The famous Stephanus edition which has served as the universal reference for all other editions of Plato's writing since its publication
Platonis opera quae extant omnia [3 vols]
PLATO. Platonis opera quae extant omnia. (The Complete Works of Plato) [Title also in Greek], Henr. Stephani, [Geneva], 1578. First Greek/Latin Edition.
Volume 1: TP + 16 unnumbered leaves [handwritten replacement preliminaries circa 18th c = Dedication to Queen Elizabeth + Studioso Lectori + Platone Epigrammata] + Catalogus Dialogorum + half title (with first page of text - unnumbered - on the verso) + 1 469 + 471 + 471 542.

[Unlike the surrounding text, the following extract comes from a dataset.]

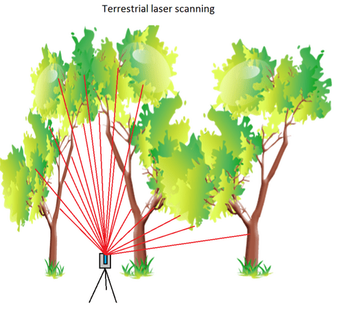 Nedavno je dokazano da TLS tehnologija daje jako dobre rezultate u prikupljanu podataksa prilikom inventure šumskih površina. Prvi komercijalni TLS sistem je proizvela kompanija Cyra Technologies, 1998. godine, a prvi radovi koji se odnose na procjenu atributa stabala na nivou premjernih krugova objavljeni su početkom 2000. Godine. Rekonstrukcijom stabla stabala moguće je izvesti kvalitetne procjene zapremine debla i biomase koje su usporedive u preciznosti s najboljim nacionalnim alometrijskim modelima rasta šuma. Novi TLS sistemi se stalno razvijaju, a veličina i težina laserskih skenera brzo opada. Upotreba laserskih impulsa s dvije valne duljine olakšava razdvajanje povrata lista od povrata stabljika, grana i tla, što je pogodno za usluge šumskih ekosustava. Očekuje se da će se TLS operativno koristiti u inventarizaciji šuma na nivou odjela čim bude dostupan odgovarajući softver. Nekoliko pozicija skeniranja je neophodno za mjerenje svih stabala na odrđenoj površini. Pojedinačni skupovi podataka spajaju se, obično koristeći umjetne ciljeve, da bi formirali oblak od jedne točke. Ovaj pristup pruža najbolji skup podataka, jer objedinjeni oblak tačaka snima stabla iz različitih pravaca. Ovakav pristup baš praktičan zbog troškova ručnog ili poluautomatskog procesiranja potrebnog za registraciju nekoliko skeniranja.

Volume 2: Half-title + blank leaf lettered AA.i. + 3 unnumbered leaves [printed replacement preliminaries circa 18th c. = Dedication to King James the Sixth of Scotland (later James the First of England) + Two Poems] + 3-701 + 672 673 + 704 992.
Volume 3: Half-title + 3 unnumbered leaves [handwritten replacement preliminaries circa 18th c. = Dedication to the Republic of Bern + Poem] + AAAA.i. = Contents Page + 3-374 + 375 + 368 + 377-416 + 1-139; Folio.
"A great Renaissance author and scholar as well as a member of one of Europe's most illustrious families of printers, Henri Estienne II himself edited his grand Plato, for which he commissioned a new Latin translation by Jean de Serres. Together with his monumental 1572 Thesaurus graecae linguae, the lavish Plato was responsible, according to Schreiber, for securing both Estienne's scholarly reputation and his financial ruin" (Garden Ltd., #40). First Greek/Latin edition, printed in parallel text with translation and commentary by Jean de Serres, noted French historian and advisor to King Henry IV during the reformation. The famous Stephanus edition which has served as the universal reference system for all other editions of Plato's writing since its publication. (In every translation of Plato there are small numbers in the margin which refer to the pagination in this edition affording scholars the opportunity to cross-reference each other's work in any language - they are called the "Stephanus numbers." For example, Socrates major speech in the Symposium completes at 212c). *Some preliminary pages (dedication, poems, etc.) are not original, but, rather, were printed and inserted sometime in the 18th century. Because the preliminary pages included dedications to Queen Elizabeth, copies of the Stephanus Plato circulating in countries hostile to the throne at the time of publication (1578) often had these pages removed. Some copies of the Stephanus Plato have appeared at auction lacking preliminaries altogether. In 2008, Sokol Books, Ltd., catalogued the missing prelims: their absence is the works most common defect. Others (like this copy) had the preliminaries replaced sometimes by hand, other times by a local printer once relations with England had improved. This is one of those rare copies with replacements. Thus, not only is this an important and rare antiquarian book (The Stephanus Plato!), but also an important historical artifact given its unique history and provenance.
CONDITION: Very Good+ in uniformly bound, contemporary (possibly early 17th c.) vellum with manuscript lettering to spines. Minor repairs to vellum on head and heel of spine, mostly on volume 3. Expert old paper repairs to title page of volume I, and half-titles of vols. II & III, with bookplates on all three pastedowns: Inter Libros Josephi Mariae Parascandolo, Antecessoris Regii A.L.N., of Naples. Woodcut-engraved printers vignette on title, woodcut-engraved decorated initials, head-pieces, & tail-pieces. Large paper (15 x 10). Handwritten and printed preliminaries replaced sometime in the 18th c. A tightly bound, historically important copy of one of the most important books in the history of philosophy.